══ Exercise inputs

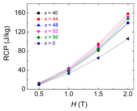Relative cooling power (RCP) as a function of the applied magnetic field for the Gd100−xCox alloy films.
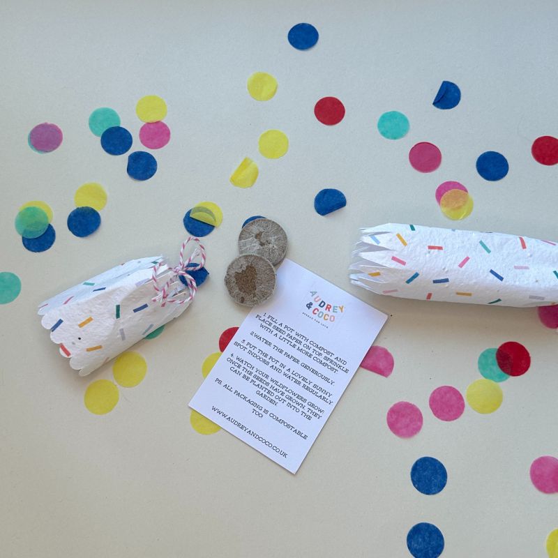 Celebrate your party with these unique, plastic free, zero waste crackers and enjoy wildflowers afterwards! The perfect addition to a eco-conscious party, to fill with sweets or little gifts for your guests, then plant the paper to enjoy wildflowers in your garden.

════
══ Exercise inputs

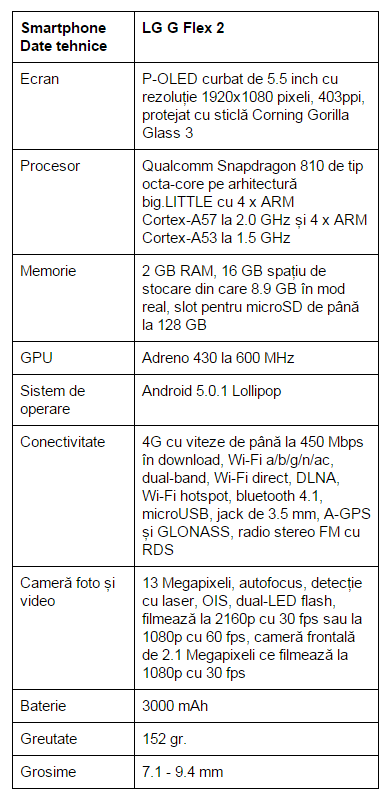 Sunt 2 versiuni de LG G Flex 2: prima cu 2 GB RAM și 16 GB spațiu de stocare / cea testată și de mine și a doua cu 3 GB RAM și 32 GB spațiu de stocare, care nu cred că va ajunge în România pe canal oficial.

════

* [Instructions for the task] Pictures aside, return exactly the lines from the data above, starting at the line that has "Relative cooling power" and ending at the line that has "Celebrate your party", both included.

* [Result]
Relative cooling power (RCP) as a function of the applied magnetic field for the Gd100−xCox alloy films.
 Celebrate your party with these unique, plastic free, zero waste crackers and enjoy wildflowers afterwards! The perfect addition to a eco-conscious party, to fill with sweets or little gifts for your guests, then plant the paper to enjoy wildflowers in your garden.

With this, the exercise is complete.